EXERCISE DETAILS — Only the lines of the data below from the one with "Nach Beendigung der" through the one with "1 恐竜博物館 1 白山平泉寺境内 1 恐竜展示 1 大野城にて" are wanted. Repeat them exactly.

PROVIDED DATA —
┄┄┄┄┄┄

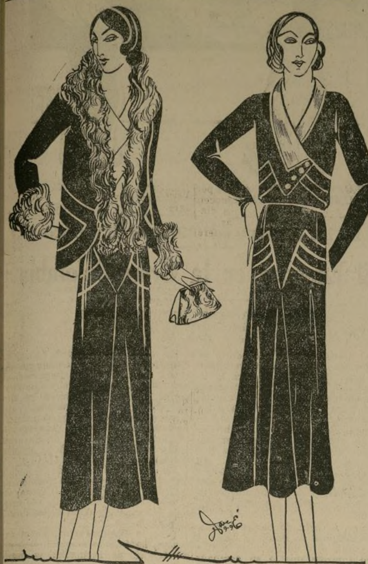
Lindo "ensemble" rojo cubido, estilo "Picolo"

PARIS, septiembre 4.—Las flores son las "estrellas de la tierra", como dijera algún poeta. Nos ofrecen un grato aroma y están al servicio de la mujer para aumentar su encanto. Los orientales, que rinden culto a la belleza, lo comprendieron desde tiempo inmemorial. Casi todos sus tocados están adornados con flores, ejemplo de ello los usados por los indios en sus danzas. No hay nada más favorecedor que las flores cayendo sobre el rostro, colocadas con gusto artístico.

┄┄┄┄┄┄

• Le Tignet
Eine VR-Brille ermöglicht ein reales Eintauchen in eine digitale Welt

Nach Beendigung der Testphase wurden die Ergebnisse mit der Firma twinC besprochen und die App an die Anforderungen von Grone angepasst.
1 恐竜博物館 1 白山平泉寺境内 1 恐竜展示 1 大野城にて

┄┄┄┄┄┄

WRITTEN RESPONSE —
Nach Beendigung der Testphase wurden die Ergebnisse mit der Firma twinC besprochen und die App an die Anforderungen von Grone angepasst.
1 恐竜博物館 1 白山平泉寺境内 1 恐竜展示 1 大野城にて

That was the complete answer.